The longtime activist says she’s been spending the bulk of her time recently working to find the answer to questions that have been raised or magnified by the pandemic.
“I’ve worked with the refugee agency at the UN for about 20 years now,” she said. “Looking at the world through a global foreign policy lens, there’s a lot to be concerned about.
“(But) my hope really does come from the younger generations,” she added. “I see them fighting and demanding answers, questioning what is very broken about our society and the way many things have been mishandled for decades. There’s a lot to do. (Creating) better tools to give young people so they can strengthen their fight has become a central focus for me.”
She says it’s crucial to approach children’s entertainment with a degree of frankness and honesty.
“I think some people approach (this) work lightly,” Jolie said. “I think going into things like (‘Ivan’), it may appear as a children’s story, but that’s not how Katherine approached it. It’s not how Ivan’s life was approached. What I love about the book is that there are certain lines where it’s so simply put, but says so much.
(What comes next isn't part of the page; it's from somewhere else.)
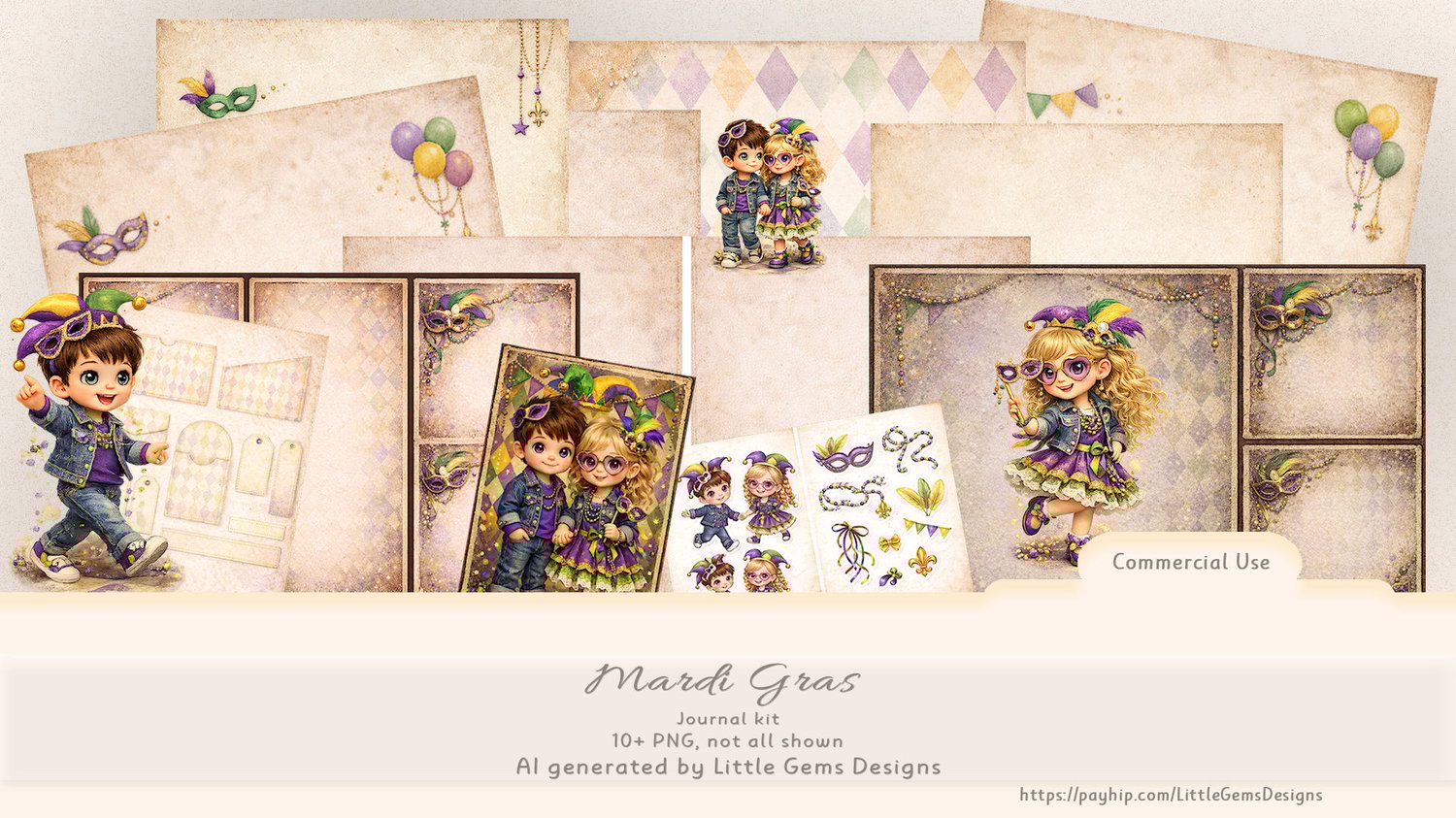 Bring festive charm and vintage elegance to your creative projects with this Mardi Gras Junk Journal Kit.

And I think that’s why children relate to the book so much and will love the film, because it’s not presented to them with some manufactured idea of what we think. The way (Ivan) says things with such purity, it’s just drops of truth.”
“It’s funny,” Applegate said. “With kids, particularly middle-grade readers for whom I often write, they’re just ruthlessly honest. They understand so much more than we give them credit for. So it’s deeply important not to condescend. They understand the world is not black and white; it’s gray. And they’re grappling with those questions internally, so I think sometimes books and movies are the best way for them to be able to vocalize those fears and concerns.”
“Hopefully, like many pieces of art that are strong like this, children continue to ask questions and do their own investigating,” Jolie said. “Hopefully this will inspire them even further to know that there’s a lot that must be addressed and fought for, and their instinct will be to ask the right questions and demand the right things.”